SolarWinds Sunburst
What is SolarWinds Sunburst?
SolarWinds SunburstA 2020 supply-chain attack in which a backdoor named Sunburst was inserted into SolarWinds Orion updates, compromising US government agencies and global enterprises.
Sunburst is the trojanized backdoor planted inside the SolarWinds Orion IT-management platform between March and June 2020 and discovered by FireEye in December 2020. Attackers compromised SolarWinds's build pipeline and added malicious code to legitimately signed Orion updates, which were then deployed to roughly 18,000 organizations. A subset, including the US Departments of Treasury, Commerce, Justice and Homeland Security, FireEye and Microsoft, received follow-on exploitation via the TEARDROP and Cobalt Strike implants. US authorities attributed the campaign to UNC2452 / APT29 (SVR). The incident drove widespread reform of software supply-chain security, including SBOMs and signed builds.
● Examples
- 01
An Orion server beacons to avsvmcloud.com and receives a second-stage Cobalt Strike payload.
- 02
An agency rebuilds its Orion deployment from clean media and rotates all SAML signing certificates.
● Frequently asked questions
What is SolarWinds Sunburst?
A 2020 supply-chain attack in which a backdoor named Sunburst was inserted into SolarWinds Orion updates, compromising US government agencies and global enterprises.
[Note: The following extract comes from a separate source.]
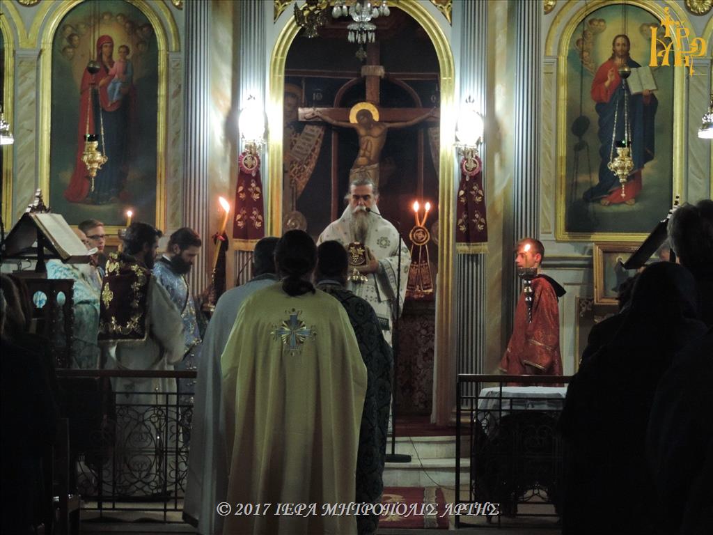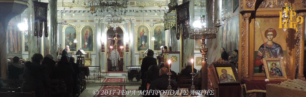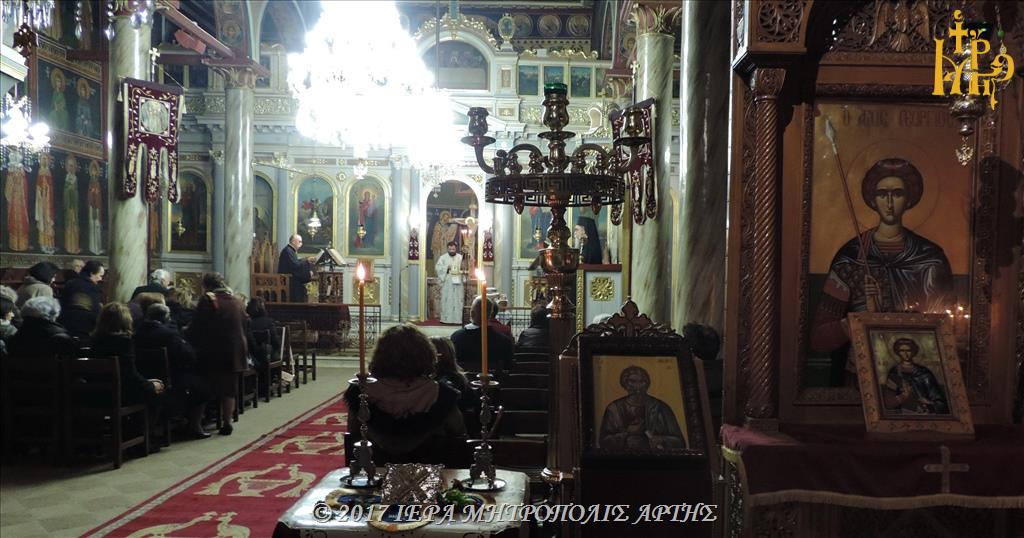 Την Τετάρτη το βράδυ, ξημερώνοντας Πέμπτη, 29 προς 30 Νοεμβρίου 2017, ετελέσθη πανηγυρική Ιερά Αγρυπνία, επί τη μνήμη του Αγίου Ενδόξου Αποστόλου Ανδρέου του Πρωτοκλήτου, στον ενοριακό Ιερό Ναό Αγίου Γεωργίου της πόλεως Άρτης, προεξάρχοντος του επιχωρίου Μητροπολίτου κ. Καλλινίκου.

It belongs to the Vulnerabilities category of cybersecurity.
What does SolarWinds Sunburst mean?
A 2020 supply-chain attack in which a backdoor named Sunburst was inserted into SolarWinds Orion updates, compromising US government agencies and global enterprises.
How does SolarWinds Sunburst work?
Sunburst is the trojanized backdoor planted inside the SolarWinds Orion IT-management platform between March and June 2020 and discovered by FireEye in December 2020. Attackers compromised SolarWinds's build pipeline and added malicious code to legitimately signed Orion updates, which were then deployed to roughly 18,000 organizations. A subset, including the US Departments of Treasury, Commerce, Justice and Homeland Security, FireEye and Microsoft, received follow-on exploitation via the TEARDROP and Cobalt Strike implants. US authorities attributed the campaign to UNC2452 / APT29 (SVR). The incident drove widespread reform of software supply-chain security, including SBOMs and signed builds.
How do you defend against SolarWinds Sunburst?
Defences for SolarWinds Sunburst typically combine technical controls and operational practices, as detailed in the full definition above.
What are other names for SolarWinds Sunburst?
Common alternative names include: UNC2452, Solorigate, Sunburst backdoor.
● Related terms
- attacks№ 1116
Supply Chain Attack
An attack that compromises a trusted third-party software, hardware, or service provider in order to reach its downstream customers.
- malware№ 080
Backdoor
A covert mechanism that bypasses normal authentication or access controls to give an attacker future entry to a system.
- defense-ops№ 193
Cobalt Strike
A commercial adversary-simulation platform widely used for red-team operations and frequently abused by threat actors for post-exploitation and command-and-control.